OUR Science

A New
Therapeutic Mechanism

Molecular Gates are small molecule drugs that selectively eliminate harmful extracellular proteins at their origin, inside cells, and prevent them from emerging to cause disease.

The Secretory Translocon: A Ubiquitous and Singular Exit

The human body produces over 4,000 distinct extracellular proteins. Like all proteins, extracellular proteins are translated in the cytoplasm and then must cross a membrane to move from inside the cell to the outside. They make this journey via a single channel in the endoplasmic reticulum, called the secretory translocon.

Extracellular Proteins Drive Many Diseases

Extracellular proteins are drivers of many human diseases, ranging from inflammatory conditions to neurodegenerative disease to several cancers. In fact, over 1,000 extracellular proteins are linked to a disease.

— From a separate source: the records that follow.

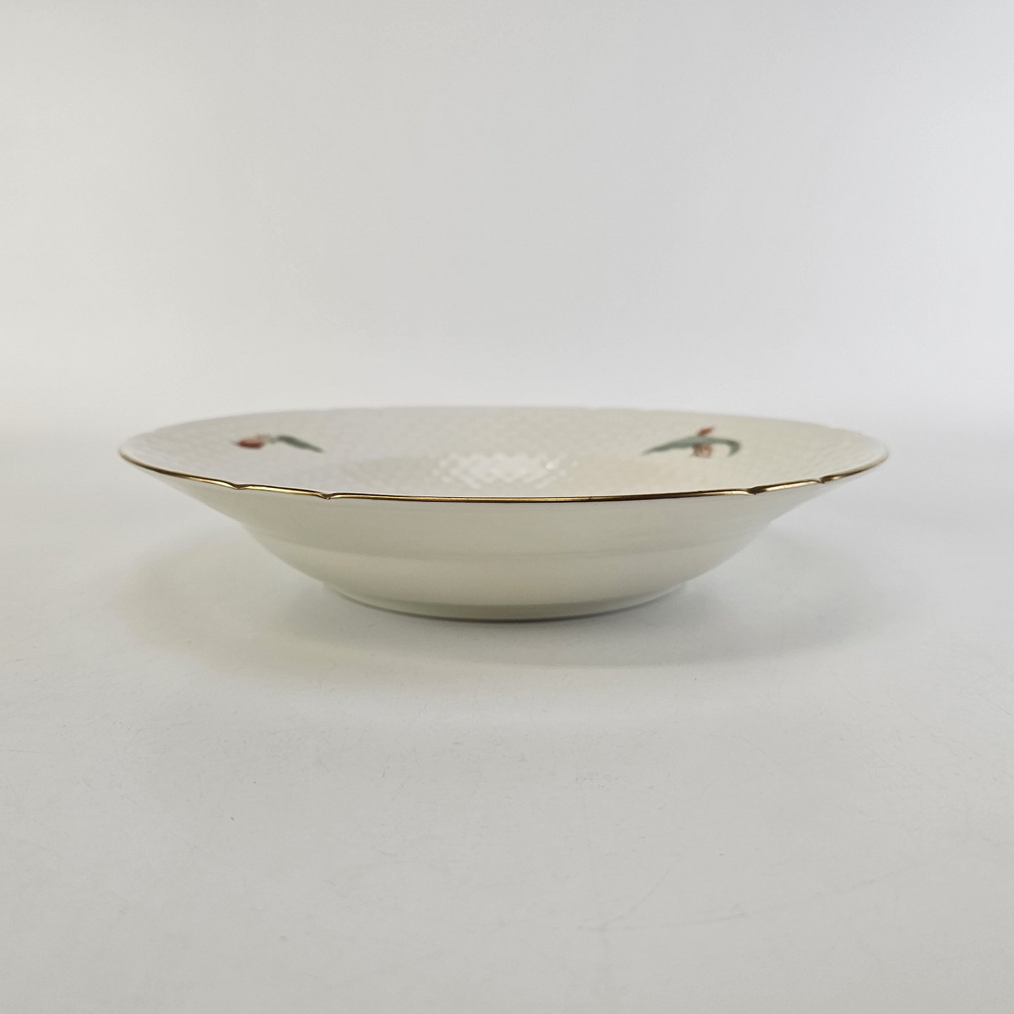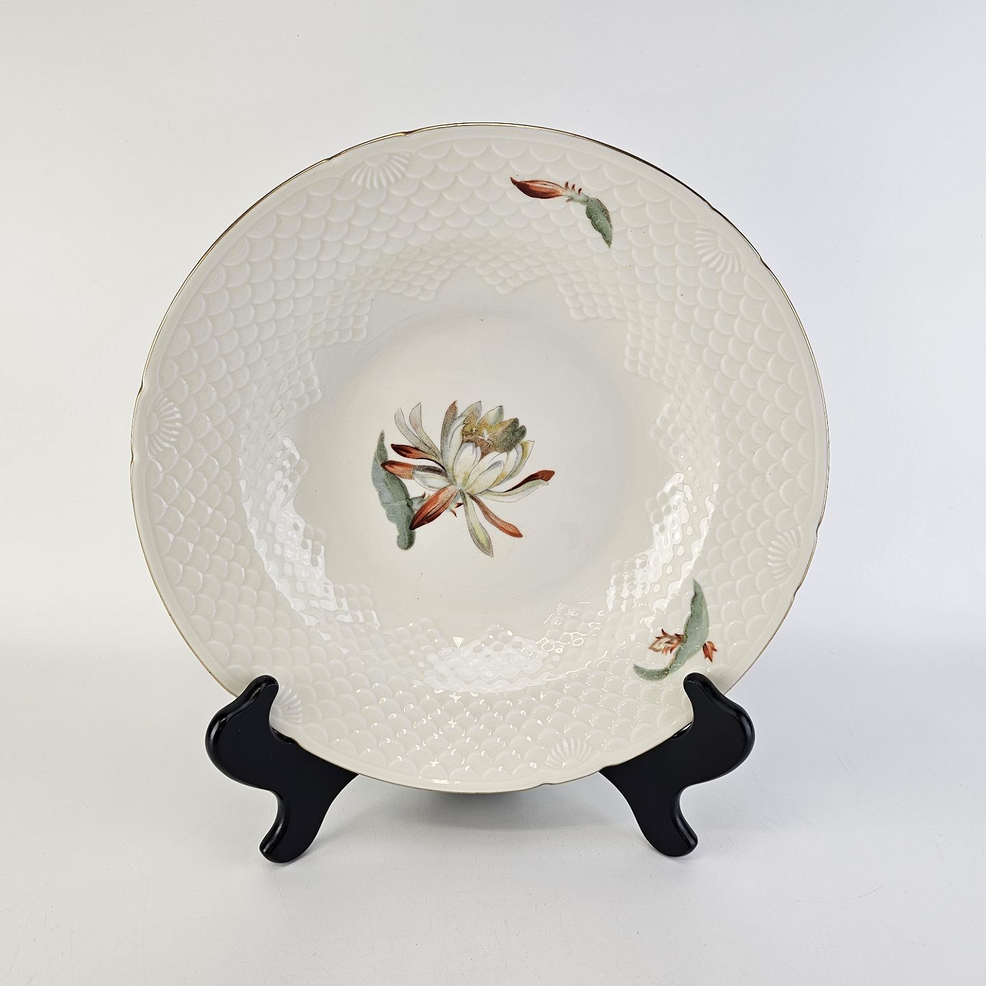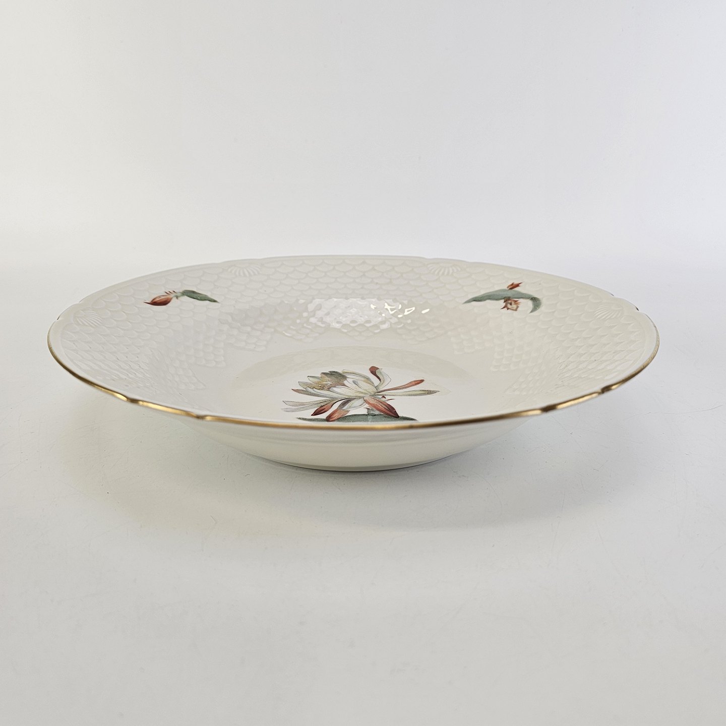 Kaktus er cremefarvet porcelæn i skælform, dekoreret med kaktusblomster og guldkant
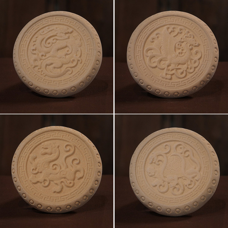 值得一提的是,这四神兽壶承系列,设计灵感源于汉代瓦当的四灵兽:青龙、白虎、朱雀、玄武。
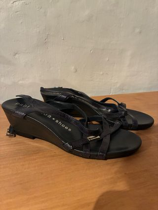 Sandalias de cuña en azul marino. - Diseño de tiras cruzadas. - Suela de cuña. - Material de cuero. Están usadas pero en perfecto estado y son muy comodas
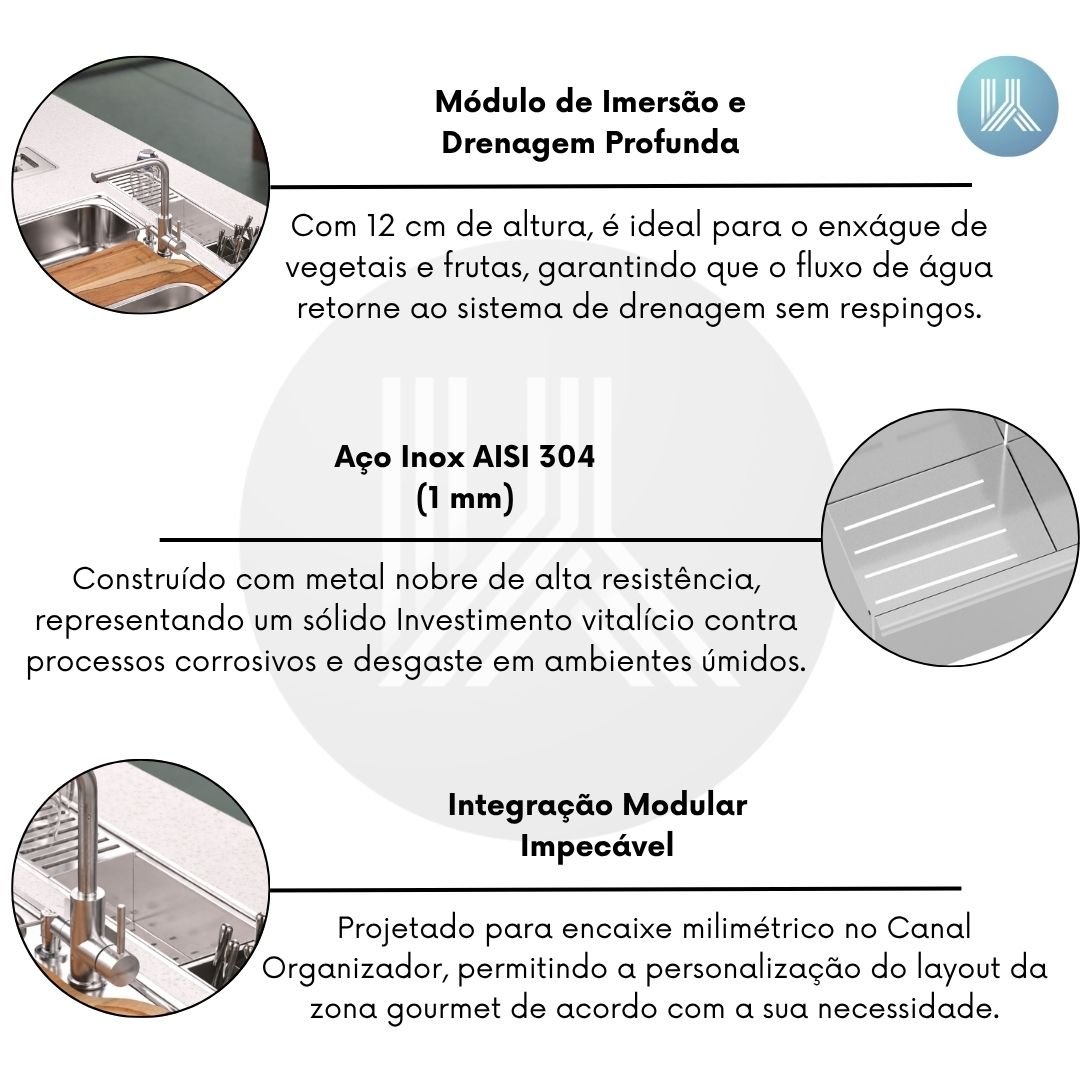 Em projetos de Luxo, a funcionalidade deve ser integrada para evitar o uso de escorredores externos e improvisados que poluem visualmente a bancada. A dificuldade de lavar e escorrer frutas, legumes ou até pequenos utensílios sem molhar a pedra gourmet é uma falha comum em cozinhas que não possuem acessórios de precisão. O Escorredor Profundo Tramontina para Canal Organizador é a solução definitiva para este dilema. Com 12 cm de profundidade, ele permite o manuseio de insumos diretamente na calha úmida, oferecendo uma Performance Semi-profissional que mantém a área de preparo seca, organizada e sofisticada.
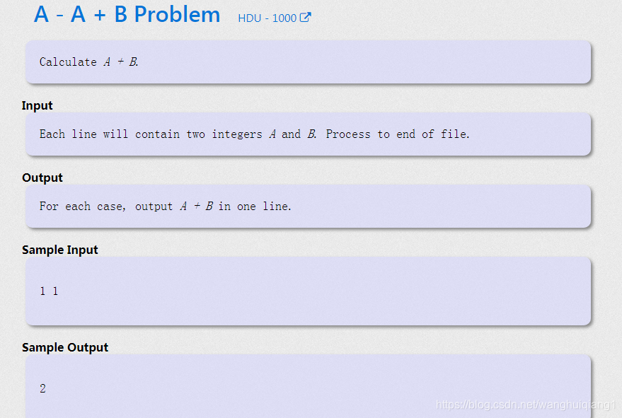 这是A题:题目中提供了问题,输入格式要求,输出格式要求,输入样例,输出样例,需要注意的就是输入样例是从控制台输入的,即要想接收这两个参数,必须从控制台输入。
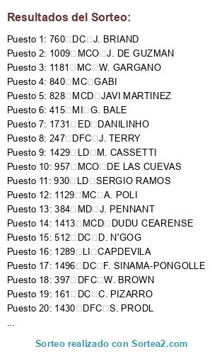 Resultados del sorteo:
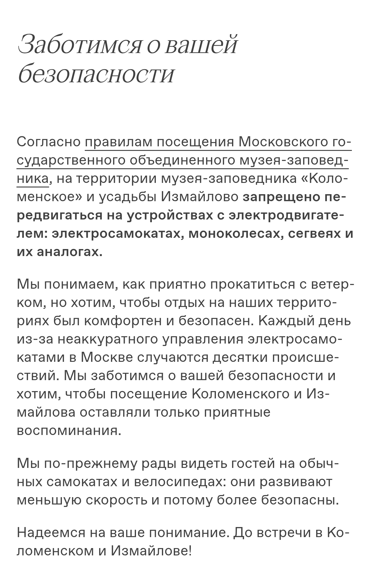 Если в Царицыно тебя развернут с любым транспортом будь то велосипед или даже аналоговый самокат, то в Коломенском решили отыграться только на электросамокатчиках.
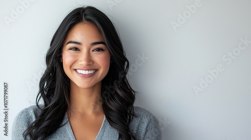 A Beautiful Woman Smiling Brightly Against a Plain Background, Radiating Joy and Confidence in a Well-Lit, Isolated Setting Perfect for Stock Photography Use
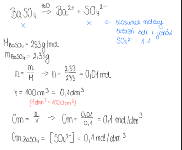 Oblicz molowe stężenie jonów SO42- w roztworze, jeżeli z 100 cm3 tego roztworu otrzymano 2,33 g osadu BaSO₄ (po przemyciu i wysuszeniu).
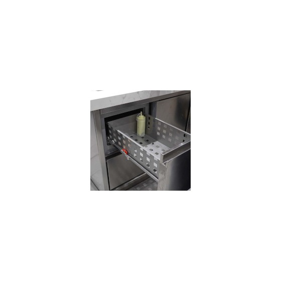 - Cajones con tirador incorporado en acero inoxidable, con fondo perforado. Provistos de guías telescópicas con salida suficiente para salvar el plano de trabajo.
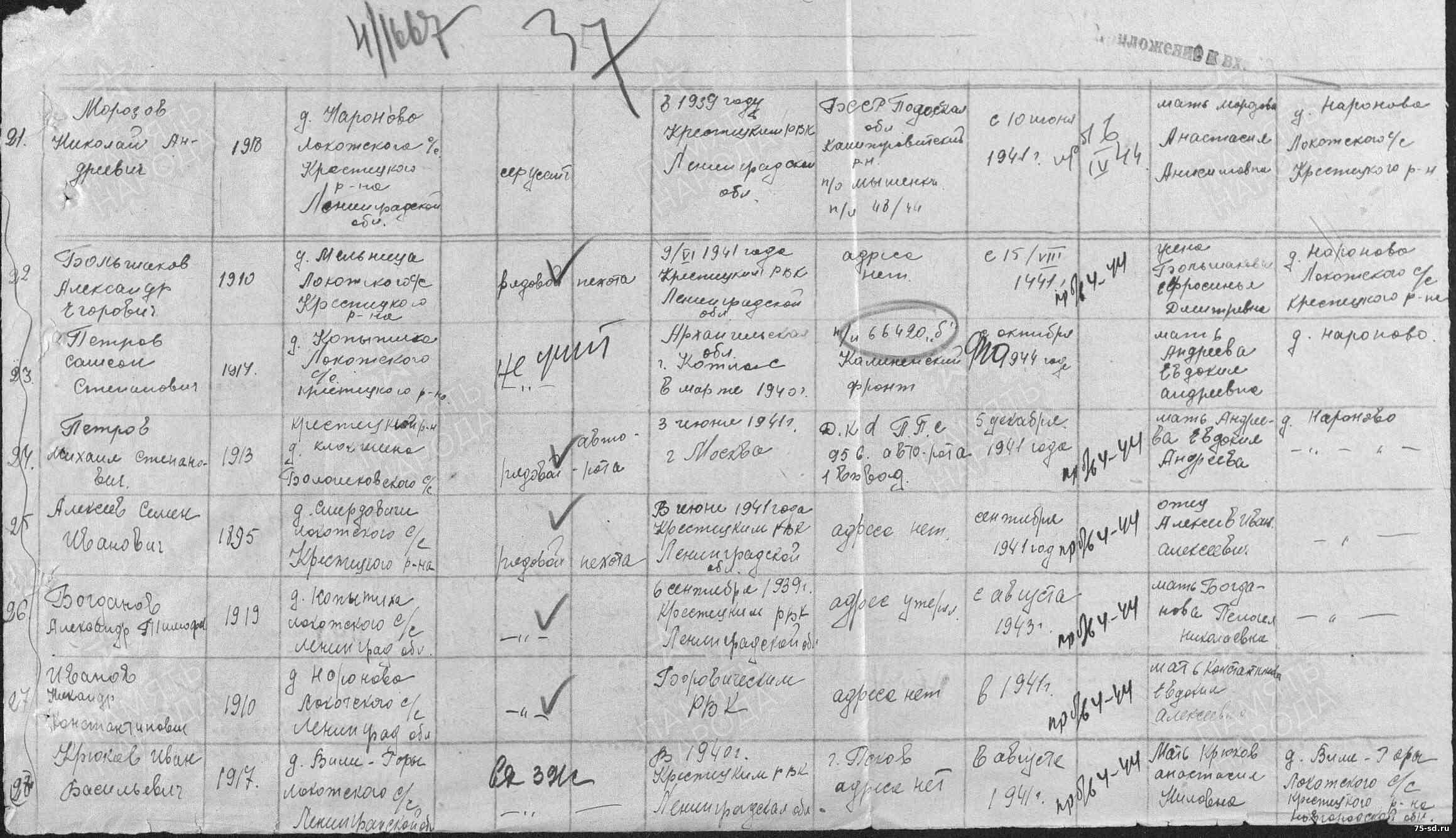 Пропал без вести в июне 1941 года. Последнее письмо датировано 10 июня 1941 года, п\я 48\44.
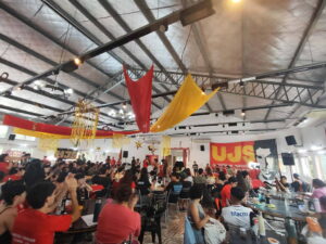 Ένα μήνα πριν αντιπροσωπεία της νεολαίας Κομμουνιστική Απελευθέρωση βρέθηκε στην Αργεντινή έπειτα από πρόσκληση της UJS (Ένωση Νέων για τον Σοσιαλισμό), νεολαίας του Partido Obrero (Εργατικό Κόμμα). Εκεί συμμετείχαν σε πλήθος πολιτικών και πολιτιστικών εκδηλώσεων, σε κινητοποιήσεις του αργεντίνικου λαού και σε διεθνείς διεργασίες. Η παρουσία τους έδειξε την αλληλεγγύη της οργάνωσης στον μαχόμενο λαό της Αργεντινής απέναντι στην αυταρχική κυβέρνηση Μιλέι αλλά και συνολικά στους λαούς της λατινικής Αμερικής, που επί δεκαετίες έρχονται αντιμέτωποι με ένα από τα πιο σκληρά πρόσωπα του ιμπεριαλισμού.
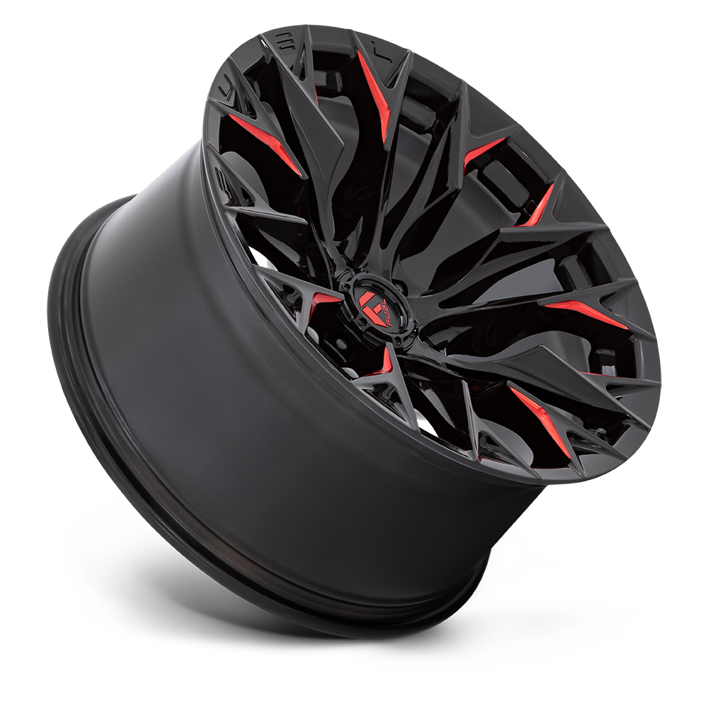 The Fuel Flame D823 20x10 –18mm is a dynamic and aggressive wheel designed for truck owners who want to make a bold statement. Finished in a striking gloss black with milled spokes accented in candy red, this wheel turns heads with its unique and modern style. The red-tinted milling adds just the right amount of flair, giving the wheel a vibrant yet refined appearance that stands out on the street or at the show.

Extracellular proteins can cause disease when they:

  • act improperly
  • fold incorrectly
  • are produced at levels that are too high
  • or are secreted at the wrong time or
    place in the body

If the proteins causing these problems could be eliminated, these diseases could be treated or even potentially cured.

Stopping Diseases
at Their Origin

Molecular Gates eliminate disease-causing proteins by blocking them at their source: inside the cell. Our medicines do this by binding to the secretory translocon and setting up a “gate” in the channel.
 
The Molecular Gate recognizes the specific amino acid sequence of a disease-causing protein, and selectively disrupts its journey through the channel. With nowhere to go, the protein is degraded by the cell, ultimately eliminating the disease-causing protein.

The Small
Molecule Advantage

Gate’s new mechanism opens therapeutic paths for diseases that can’t be treated today or where existing treatments are sub-optimal for patients.

To eliminate extracellular proteins today requires biologic therapies, like antibodies or RNA drugs, that can be difficult to deliver to the right place at the right time.

In contrast, because they are small molecules, Molecular Gates can access all tissues including the brain (if needed) and be taken orally as a convenient pill instead of injected.